Chickens, goats, a large pig, ponies, ducks, raptors, prairie dogs, corn, vegetables, native plants, historic farm and farm buildings, and willows and a creek feeding wildlife. This is a quick list of Denver Botanic Gardens Chatfield Farms.
To the mix, the organization seeks to add new reception and education centres, a market square, a permanent stage for the amphitheater and gardens featuring native plants of the region and agriculture practiced by indigenous peoples. The development plan for Chatfield Farms envisions a phased addition to fundraising.
Denver Botanic Gardens CEO Brian Vogt discusses plans for a recent tour by golf cart of 700-acre Chatfield Farm in southern Jefferson County. The area is about 20 miles southwest of the organization’s public gardens in Denver’s Cheesman Park neighborhood.
Vogt said the Botanic Gardens completed a master development plan for the Denver site in 2020. “It gave the institution the bandwidth to revisit Chatfield Farm now and think about what it wants to be in the future.”
The botanical garden has so far raised approximately $6 million for the proposed projects.

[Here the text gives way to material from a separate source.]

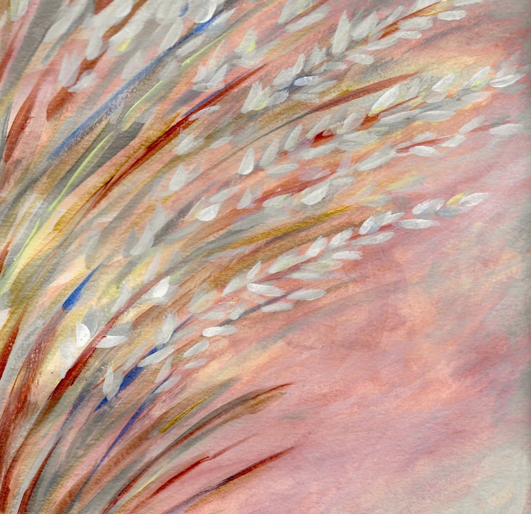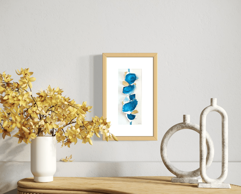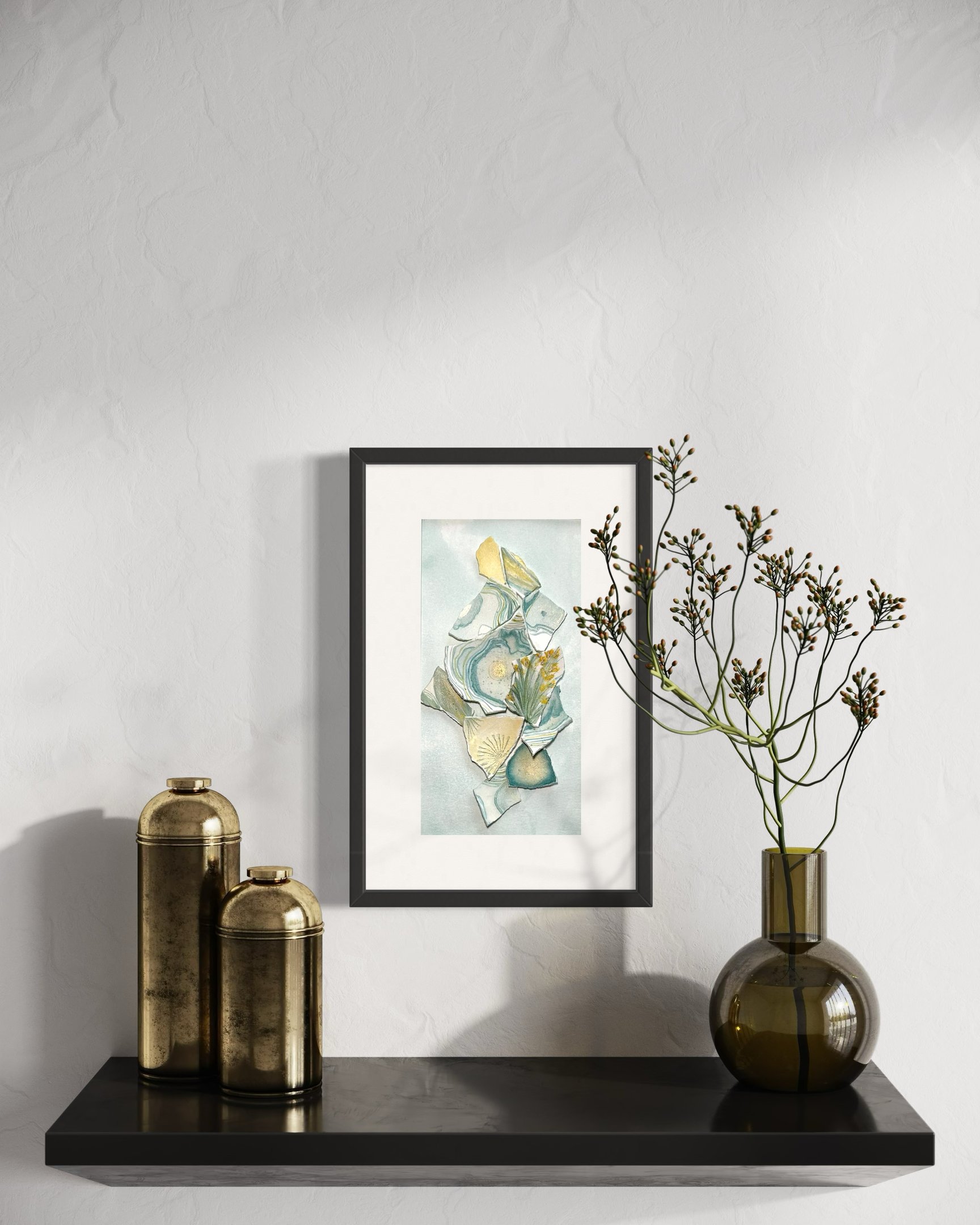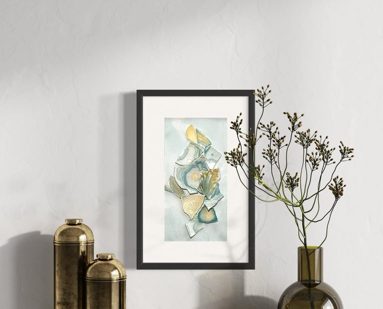 This series is inspired by the living rhythm of the riverbanks, where every reflection tells a story of connection between earth and water. Created with hand-painted ostrich eggshells, ink, and gold leaf, each piece captures the gentle movement and balance found in nature’s small moments. The beauty that exists right in front of us when we slow down and look. Layers of colour echo riverbanks, wild florals and shifting light. Framed and ready to hold space.

Vogt said the first job would likely be what he jokingly called “the really glamorous stuff”: sewer systems, parking lots, a solar power array and other infrastructure.
Vogt said the total price tag, which would include a restaurant overlooking a grass bowl that makes up the amphitheater, would be around $38 million to $40 million. Getting money will work.
Jintak Han, The Denver Post
Denver Botanic Gardens CEO Brian Vogt discusses planned improvements to the Chatfield Farms facility managed by the Botanic Gardens in Littleton on Tuesday, June 14, 2022.
“The thing about gardens is that we don’t break ground until we know we have money,” he said.
The organization is working with various government agencies, including the Army Corp of Engineers, to obtain approval for the permit. Vogt said it is likely to take until next spring to submit a final plan.
The Botanic Gardens has managed Chatfield Farms on that land since 1973, under the leadership of the Army Corps of Engineers. People living in the area were relocated and the nearby Chatfield Reservoir was created in 1965 following the devastating floods of the South Platte River. More than 20 people were killed and more than 5,000 home and farm buildings and about 6,700 small businesses were destroyed or damaged.
Vogt said that one of the original ideas for the post-flood site was to build an arboretum. “But it’s hard to grow trees in Colorado. There’s not that much water.”
Another idea was to manage the land as a nature preserve. “But then what do you do about historic farms?” Vogt asked.
The botanical garden has blended nature and historic uses of the land to focus on agriculture and to restore land along Deer Creek, which runs through Chatfield Farm. On a farm next to a house, shed and barn on the historic Hildebrand farm, employees and volunteers grow vegetables to be taken to farmers’ markets in areas with limited access to fresh produce.
Other crops include corn, pumpkin, lavender fields and vegetables for a community agriculture program, which people support through buying shares. Chatfield Farms hosts the Veterans to Farmers program. There is a dye garden which grows a variety of plants used for dyeing clothes.
The proposed 13,000-square-foot education center will highlight the history and future of agriculture and connect classrooms to outdoor learning areas. A separate 4,000-square-foot, open-air classroom on the south side of Chatfield Farm will be near the start of a nature walk along Deer Creek.
Vogt said the garden sheds light on regenerative agriculture. Practices include not plowing below what is left after harvest and instead planting cover crops and leaving residue to help retain moisture, prevent erosion and rebuild soil health.
Vogt said the area, called Gardens for the West, would include more native plants and a larger circular area. The Garden will work with experts to showcase indigenous farming practices. The site will lead to a new butterfly house.
According to the Chatfield Farms website, the 700-acre site, which supports the Jefferson County Open Space, was used for thousands of years for hunting and camping grounds by indigenous peoples, including the Ute, Cheyenne and Arapaho tribes.
Vogt said Gardens received an OK from the Army Corps of Engineers to restore Deer Creek to a more natural flow. Like waterways across the country, the creek was channelized, which involves deepening or straightening it.


Jintak Han, The Denver Post
Denver Botanic Garden’s Chatfield Farms facility in Littleton is pictured Tuesday, June 14, 2022.
Restoration of riparian areas includes removing invasive vegetation and planting willows and other native vegetation.
“It was just revived. We started seeing native birds and native insects, all kinds of native mammals coming back to the area,” Vogt said.
Chatfield Farm is home to elk, bobcats, coyotes, beavers and an occasional bear and moose.
“We really want to maintain this sense of nature,” Vogt said, “so wherever we have a building, it rests on the sides.”
Plantation will be done around public places. The boardwalk will be added to parts of the Nature Walk near the creek.
“We’ll let people walk around and protect the landscape at the same time,” Vogt said.